◆ **Data listing**:
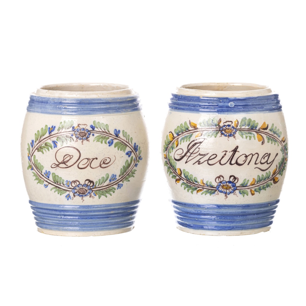 467. Par de potes 'azeitonas' e 'doce' em faiança
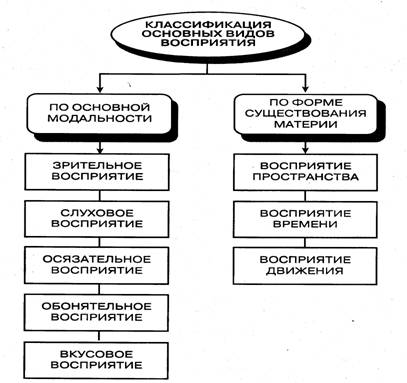 Основой другого типа классификации типов восприятия являются формы существования материи: пространство, время и движение. В соответствии с этой классификацией выделяют восприятие пространства, восприятие времени и восприятие движения [5] .
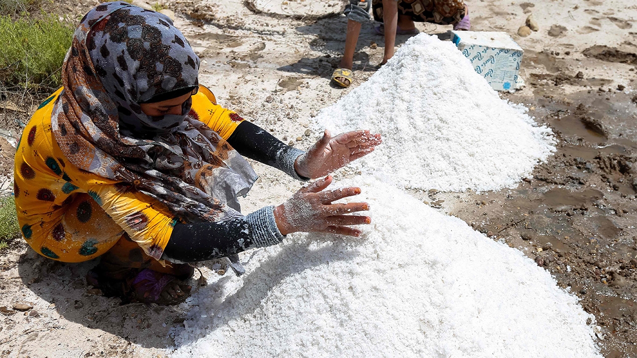หญิงชาวอิรักกำลังเก็บเกลือจากบริเวณบึงน้ำเค็มที่มีฝนตกในเมือง Qaryat Barnun ตั้งอยู่ใกล้กับเมืองบาบิโลนโบราณ ห่างจากตอนใต้ของกรุงแบกแดดของอิรักประมาณ 120 กิโลเมตร ซึ่งฤดูเก็บเกลือที่นี่มักจะใช้เวลาตั้งแต่เดือน เม.ย.หรือ พ.ค. ไปจนถึง ต.ค.ของทุกปี เกลือเหล่านี้จะบรรจุลงถุงขายและถูกส่งไปยังโรงงานเพื่อทำการบดละเอียดก่อนนำไปผ่านกระบวนการทำให้บริสุทธิ์ต่อไป.
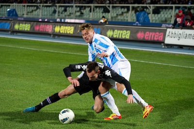 COSÌ IN CAMPO – Nel Pescara assenti Cascione e Gessa per squalifica, al loro posto Kone e Verratti, quest’ultimo in posizione centrale. Confermata la difesa con il rientrante Capuano a far coppia con Romagnoli e sulle corsie esterne Balzano e Zanon. In avanti trio delle meraviglia composto da Insigne, Immobile e Sansovini. La Samp deve far a meno di diversi uomini dal portiere Romero e di Bentivoglio per squalifica oltre alla lista di infortunati come Accardi, Gastaldello, Pozzi ed il più recente Semioli. Modulo speculare nel primo tempo poi nella ripresa spostamento di Foggia a trequartista dietro Bertani e Piovaccari per sfruttare meglio i movimenti tra le linee.
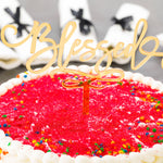 MIRRORED GOLD ACRYLIC BLESSED CAKE TOPPER
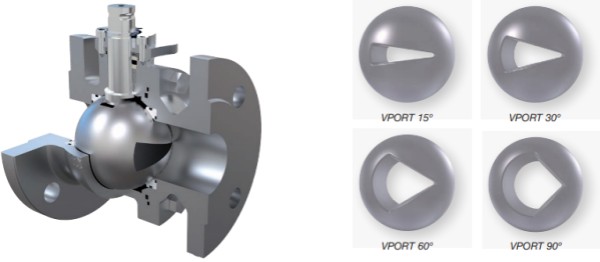 Una valvola a sfera con porta a V può anche essere definita valvola a sfera con tacca a V , perché la sfera all'interno della cavità della valvola ha una porta a forma di "V". La valvola a sfera V-port è una valvola di controllo ad alte prestazioni con multi-funzioni, poiché combina la funzione di taglio di una valvola a ghigliottina, la precisa funzione di controllo di una valvola a globo e le eccellenti prestazioni di tenuta di una valvola a sfera tradizionale. La struttura V-port è progettata principalmente per applicazioni di limitazione e commutazione.
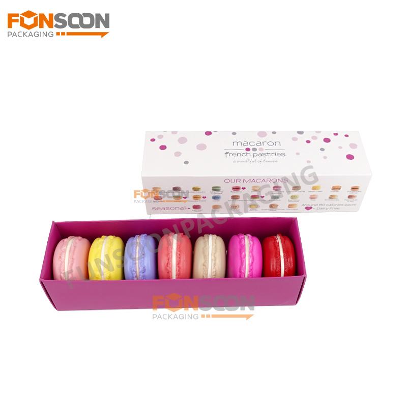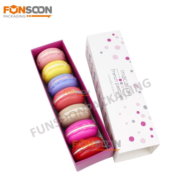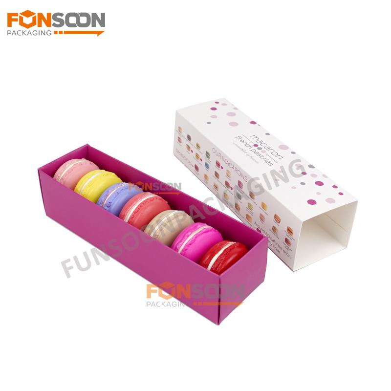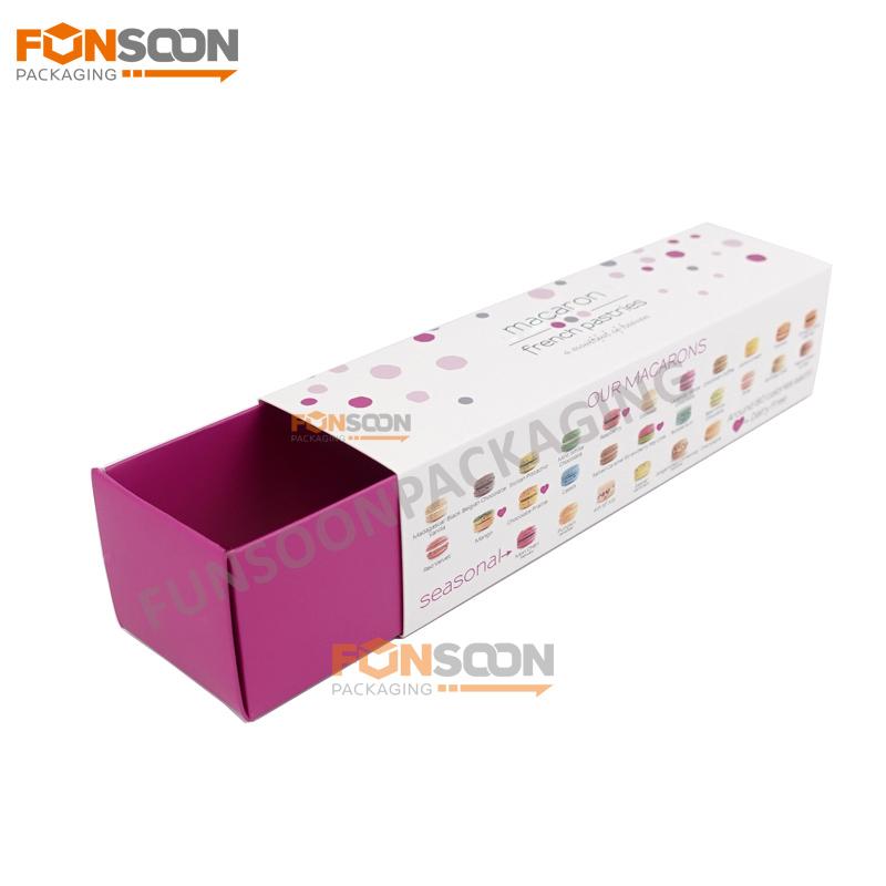 The paper drawer box can hold 6 pcs standard size macarons, and the box is slid drawer boxes is easy to assemble and place desserts. We can accept custom size and printing to meet different design requirements.

◆ **Task requirements**:
Restate each entry word for word; pictures stay out of the copy.

◆ **Reply**:
 467. Par de potes 'azeitonas' e 'doce' em faiança
 Основой другого типа классификации типов восприятия являются формы существования материи: пространство, время и движение. В соответствии с этой классификацией выделяют восприятие пространства, восприятие времени и восприятие движения [5] .
หญิงชาวอิรักกำลังเก็บเกลือจากบริเวณบึงน้ำเค็มที่มีฝนตกในเมือง Qaryat Barnun ตั้งอยู่ใกล้กับเมืองบาบิโลนโบราณ ห่างจากตอนใต้ของกรุงแบกแดดของอิรักประมาณ 120 กิโลเมตร ซึ่งฤดูเก็บเกลือที่นี่มักจะใช้เวลาตั้งแต่เดือน เม.ย.หรือ พ.ค. ไปจนถึง ต.ค.ของทุกปี เกลือเหล่านี้จะบรรจุลงถุงขายและถูกส่งไปยังโรงงานเพื่อทำการบดละเอียดก่อนนำไปผ่านกระบวนการทำให้บริสุทธิ์ต่อไป.
 COSÌ IN CAMPO – Nel Pescara assenti Cascione e Gessa per squalifica, al loro posto Kone e Verratti, quest’ultimo in posizione centrale. Confermata la difesa con il rientrante Capuano a far coppia con Romagnoli e sulle corsie esterne Balzano e Zanon. In avanti trio delle meraviglia composto da Insigne, Immobile e Sansovini. La Samp deve far a meno di diversi uomini dal portiere Romero e di Bentivoglio per squalifica oltre alla lista di infortunati come Accardi, Gastaldello, Pozzi ed il più recente Semioli. Modulo speculare nel primo tempo poi nella ripresa spostamento di Foggia a trequartista dietro Bertani e Piovaccari per sfruttare meglio i movimenti tra le linee.
 MIRRORED GOLD ACRYLIC BLESSED CAKE TOPPER
 Una valvola a sfera con porta a V può anche essere definita valvola a sfera con tacca a V , perché la sfera all'interno della cavità della valvola ha una porta a forma di "V". La valvola a sfera V-port è una valvola di controllo ad alte prestazioni con multi-funzioni, poiché combina la funzione di taglio di una valvola a ghigliottina, la precisa funzione di controllo di una valvola a globo e le eccellenti prestazioni di tenuta di una valvola a sfera tradizionale. La struttura V-port è progettata principalmente per applicazioni di limitazione e commutazione.
 The paper drawer box can hold 6 pcs standard size macarons, and the box is slid drawer boxes is easy to assemble and place desserts. We can accept custom size and printing to meet different design requirements.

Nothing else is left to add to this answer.